BEGIN Data below

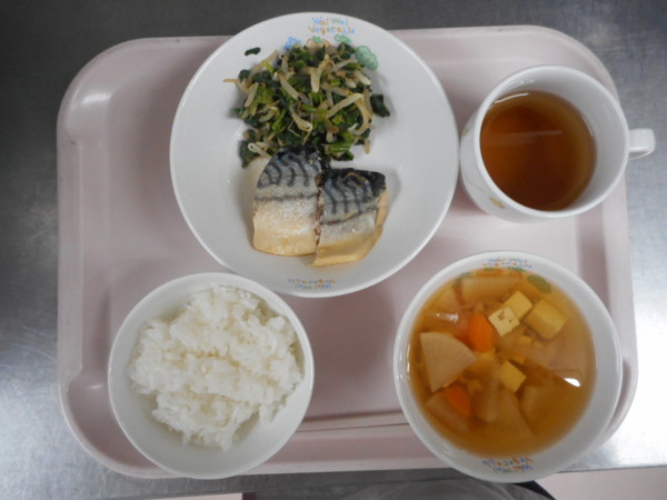 ごはん、けんちん汁、魚の味噌煮、おかか和え・・・384kcal
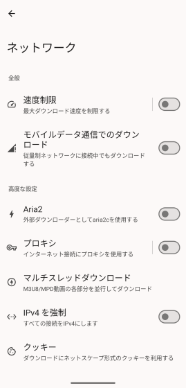 こちらはネットワーク環境に関する設定項目です。特徴の一つでもあるaria2cを外部ダウンローダーとして使用するかどうかを指定する項目はここにありました。
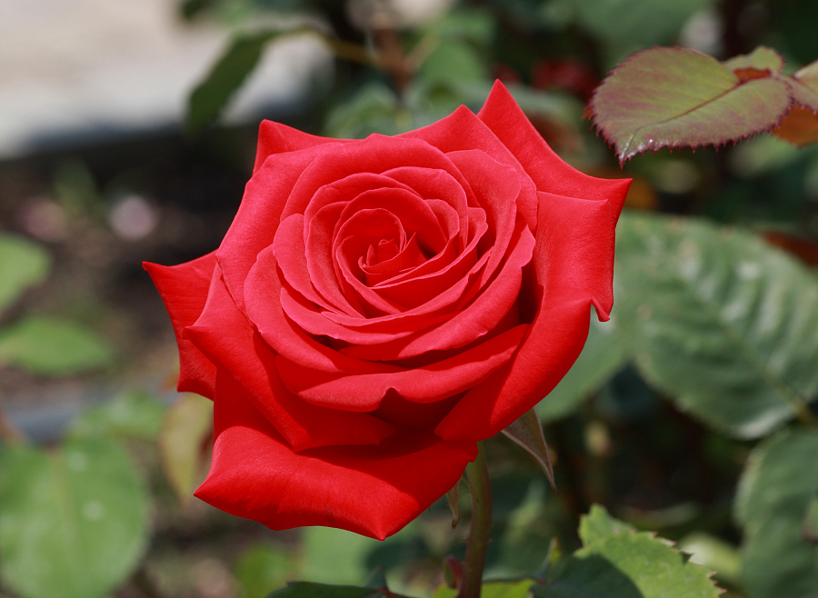 Роза чайно-гибридная Лидка - это великолепное растение с темно-зелеными листьями и красивыми красными цветками. Ее ствол прочный, а размеры достигают высоты до 140 см и диаметра до 70 см. Листья имеют интересную форму, что делает эту розу еще более привлекательной.
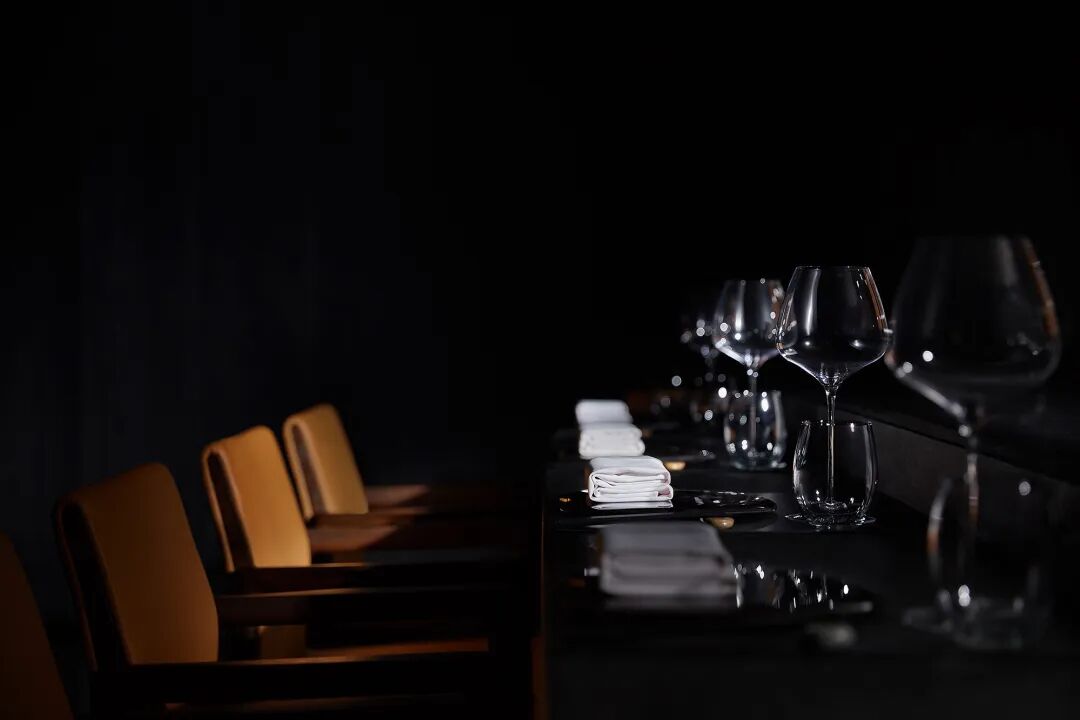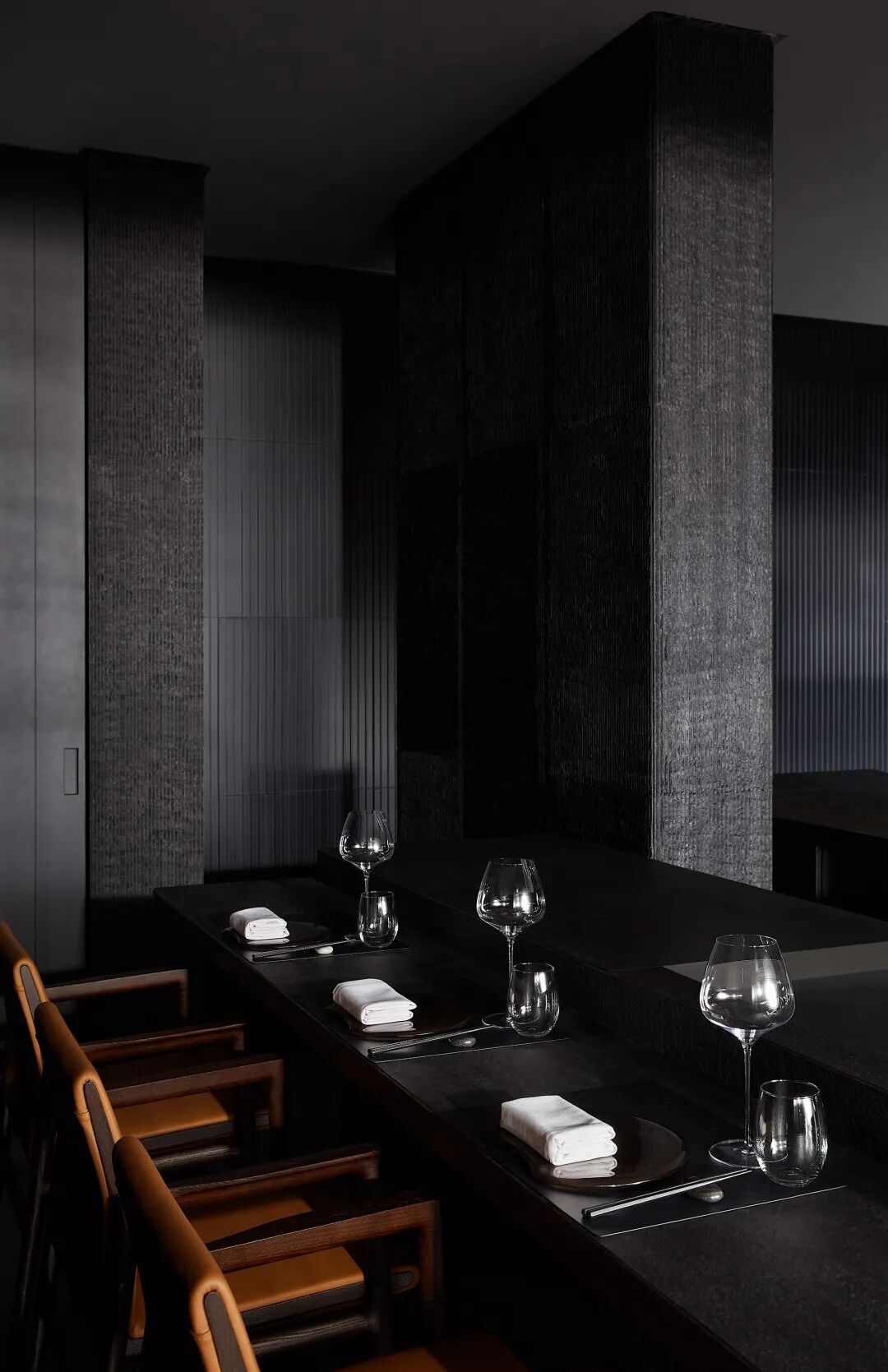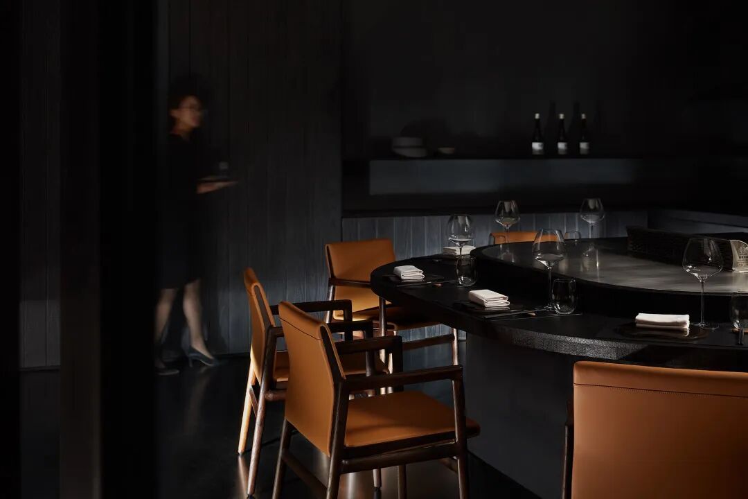 设计师从外形、视野、触觉等不同维度落笔,参照独立墙体,将动线、操作区、就餐区进行相应规划,营造出全方位沉浸式体验。整体呈环绕式布局,避免了过度设计,也充分尊重动作尺度与场景需求,以便更及时便捷的响应对宾客的服务。

END Data below

Task directions:
Copy the material above in full and exactly, skipping pictures.

Answer to this problem:
 ごはん、けんちん汁、魚の味噌煮、おかか和え・・・384kcal
 こちらはネットワーク環境に関する設定項目です。特徴の一つでもあるaria2cを外部ダウンローダーとして使用するかどうかを指定する項目はここにありました。
 Роза чайно-гибридная Лидка - это великолепное растение с темно-зелеными листьями и красивыми красными цветками. Ее ствол прочный, а размеры достигают высоты до 140 см и диаметра до 70 см. Листья имеют интересную форму, что делает эту розу еще более привлекательной.
 设计师从外形、视野、触觉等不同维度落笔,参照独立墙体,将动线、操作区、就餐区进行相应规划,营造出全方位沉浸式体验。整体呈环绕式布局,避免了过度设计,也充分尊重动作尺度与场景需求,以便更及时便捷的响应对宾客的服务。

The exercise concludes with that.